Pow! A snowball connected with my skull behind my right ear. I turned to see young Marcus Brattle, one of England’s less staid exports, already making another.
“Like a missile!” He said.
“Enough with misconstrued similes,” I said. “Not like one. It was one. Something that’s thrown can be called a missile, though we use the word mostly for rockets these days.”
“No, but like a ballistic missile!”
“It was ballistic. You threw it; its course was not under continuous correction. Ballistic comes ultimately from Greek ballein, to throw” – at this point I ducked his next snowball and he started to scoop snow for another – “and missile comes from the past tense of Latin mittere, to send or throw. So ballistic missile is a tautology – and an etymologically paradoxical name for something that is not thrown but launched under its own power, and that in more recent times may have continuous guidance systems.”
“Yes, well,” said Marcus, hurling his next projectile and forcing another evasive manoeuvre on my part, “every time I miss I’ll make another one. Whereas you, apparently, are stuck hurling prayer books.”
He was referring to my North American pronunciation of missile with a schwa in the second syllable, making it sound like missal. “You know,” I said, “in the nineteenth century British dictionaries also gave my pronunciation as the only one. The ‘long i’ version didn’t crop up until about a century ago.”
“Right,” he said, hurling another, giving me cause, as it cruised past my hat, to consider whether my pacifist approach was really effective here, “we finally got it right. ‘Cause we don’t think hurling and churches necessarily go together.”
I looked for, and did not see, an effective missile shield. I continued to try the disarming power of facts. “Missal comes from the same Latin root as missile, though,” I pointed out, “albeit by a less direct route: the word missa, ‘mass’ as in Catholic, comes from the same verb, perhaps from the sending away of catechumens before the eucharist –” Marcus hurled another with a shout of “Away, catechumen!” – “perhaps –” I leapt aside as it scudded by – “from the dismissal of the congregation at the end: Ite, missa est.
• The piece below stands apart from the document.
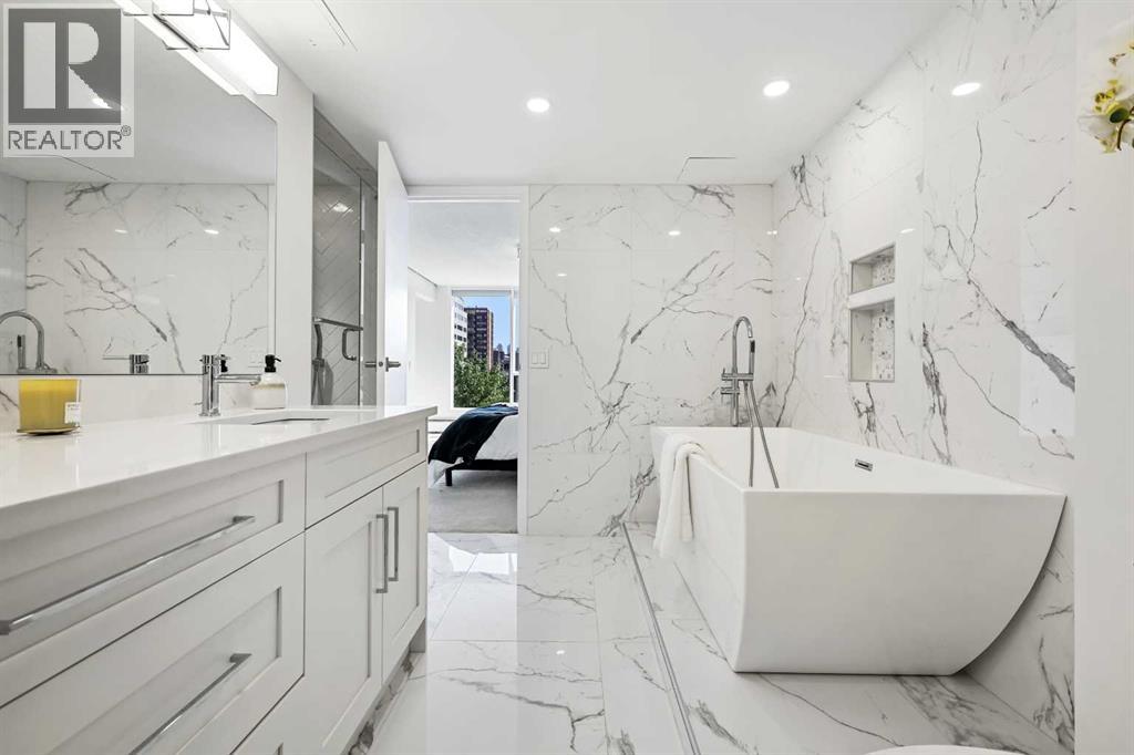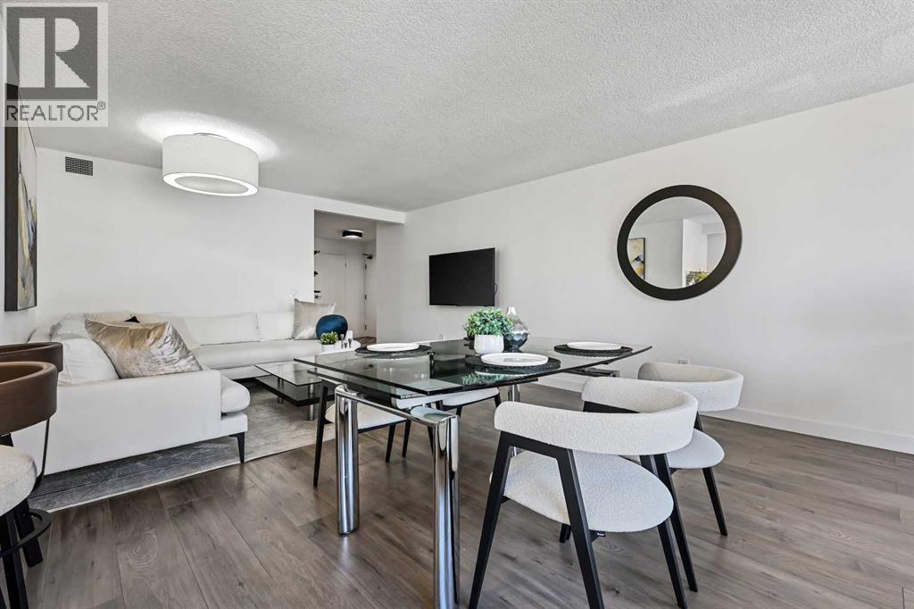 Welcome to The Cozart - 2 Bedrooms, 2 Full Bathrooms. A well-managed, concrete building in Calgary’s Beltline, just a few blocks from vibrant 17th Avenue’s restaurants, shops, and cafés. This north-facing corner home, just shy of 1,300 sq. ft., offers an airy open concept that seamlessly connects the living room, dining room, U-shaped kitchen, a versatile nook (currently used as an office), and a balcony to wind down. The spacious, highly functional kitchen impresses with generous storage, quartz counters, a sligranit double-bowl sink, an island, and updated appliances including an induction stove. The king-sized primary suite is filled with natural light and features a generous closet and a beautiful 4-piece ensuite with double vanity, walk-in shower, and standalone tub. Primary suite is prepped for a TV with a cable & power outlet on the wall. The second bedroom easily fits a queen and has a large closet, with a 3-piece bath conveniently located across the hall.Thoughtful storage is everywhere, walk-in pantry, linen closet, in-suite laundry with cabinets and a coat rack—plus assigned main-floor storage. Contemporary finishes throughout include quartz counters, laminate flooring, stylish tile, and fresh paint. Parking is a breeze with assigned underground heated parking. Building amenities include a fitness room, party room, sky room, and car wash bay. Don’t miss your opportunity to call this bright, spacious 2-bed/2-bath corner condo home. Schedule your private viewing today. (id:55577)

That past participle became a noun and from that the adjective missal was formed, which has given many a Canadian Catholic the occasional bellicose pun.”
“Well, I’m aiming for your dis-missal,” Marcus said, hurling on the dis.
“You could be on a sticky wicket, sport,” I said, gradually drawing nearer to him.
“I’ll make this missile whistle – past your ear!” He hurled another and indeed narrowly missed my left ear. “And now –” he started packing one more carefully. I considered my options for missile defense. He held up his ball, which was a rough cube. “The cubin’ missile crisis!” he shouted. I leapt forward, took it in the chest at close range, and promptly put him in a headlock.
“Hey!” he said, as I squeezed my biceps against his cranium. “What’s that got to do with this? You’re changing the topic!”
“It’s a guided muscle,” I replied, and gave him a good grind on the scalp with my knuckles.
Thanks to Ted Witham for suggesting British versus American “missile” conflict.